Author: Atul Gawande
Title: Better: A Surgeon’s Notes on Performance
Publication Info: BBC Audiobooks America
ISBN: 9780792747260
Summary/Review:
This book is a collection of essays about the need for excellence in medicine because the cost of even a small error may be fatal. In the conclusion, Gawande makes suggestion on how the standards for being better can be applied to any field of endeavor.
Topics covered in the essays in this book include:
- The spread of infection in hospitals that should be preventable but habits of medical staff are difficult to change.
- The people skills required to stop the spread of disease in India.
- A review of the current state of malpractice law that offers a good balance between the surgeon’s fears and the rights of the patient.

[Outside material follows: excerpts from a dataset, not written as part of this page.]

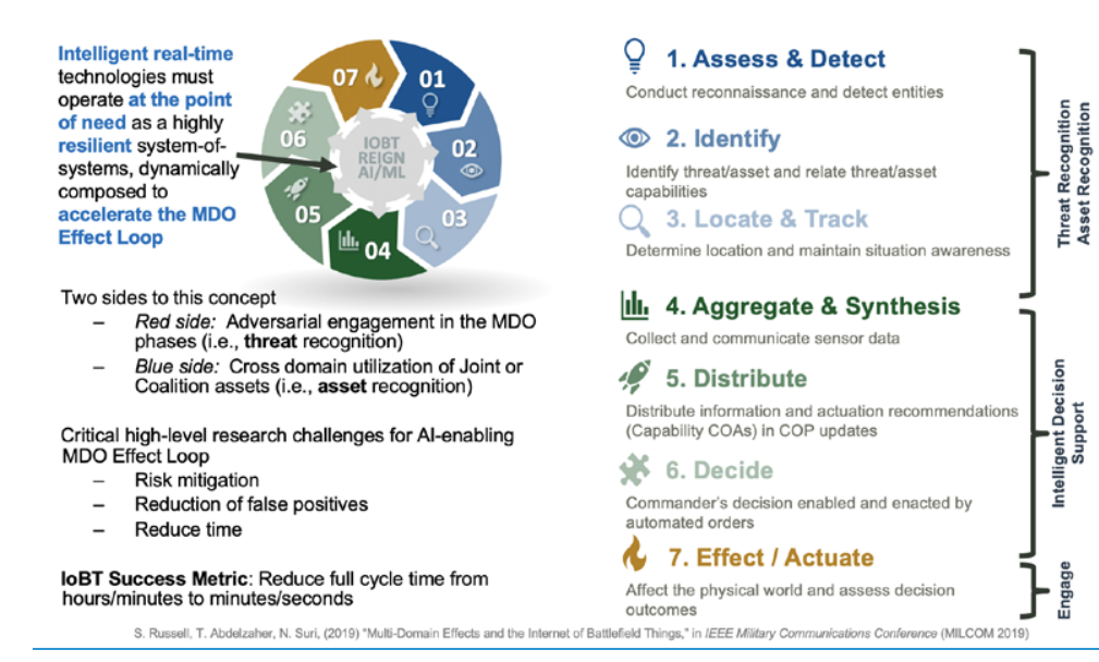 将多个领域的军事能力融合以提高效能的学说预示着国防的新时代,其特点是能够承受更高的作战规模和节奏,这得益于战场自动化和协作水平的提高。然而,要获得这些技术进步的潜在好处,前提是要找到应对无数挑战的成功解决方案,以便在竞争环境中实现智能、异构、交互资源的更高效和可扩展的操作。换句话说,提高防御能力的自动化和协作需要更智能的“战场操作系统”——一个在排除人类参与时间尺度上管理复杂自动化任务的系统,同时赋予作战人员足够的控制权。我们将此操作系统称为战场物联网 (IoBT)。
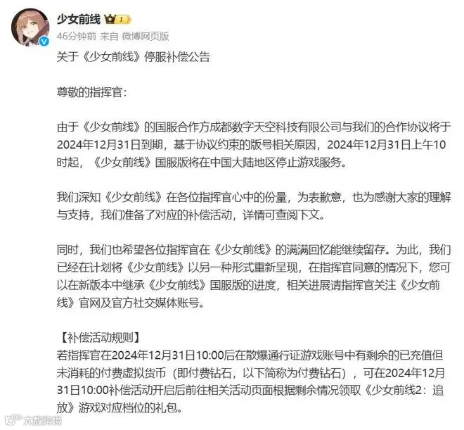 《少女前线》游戏制作组 10 月 30 日晚发布停服补偿公告,由于《少女前线》的国服合作方成都数字天空科技有限公司与制作组的合作协议将于 2024 年 12 月 31 日到期,基于协议约束的版号相关原因,2024 年 12 月 31 日上午 10 时起,《少女前线》国服版将在中国大陆地区停止游戏服务。
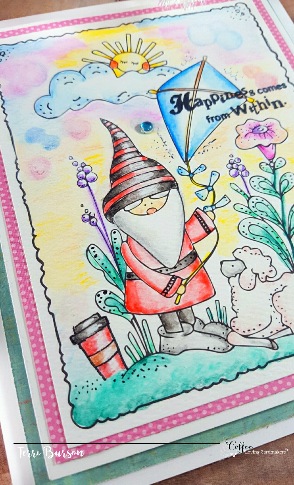 A few key points on my coloring, to make my cotton candy sky, I drew in lots of different sized circles, colored them in, blotted with a wet waterbrush and paper towel, then dabbed on white pigment ink. You could use white chalk ink as well. For my gnome and cup, I accented my shading with a white gel pen for a whimsical look.

- Amazing stories of doctors in India who regularly perform procedures outside their specialty and with limited resources but are as effective in healing patients as doctors in the US.
- The conundrum of whether doctors should participate in executions to help make them more humane or should completely eschew any practice that leads to a death.
This book was selected by my book club and I was pleasantly surprised that it was better (ha-ha!) than I expected. Gawande writes in a direct – sometimes arrogant – manner but at the end one can’t help but agree that he is on to something. As an added bonus, he practices in Boston, so I know where to go if I’m looking for a good surgeon.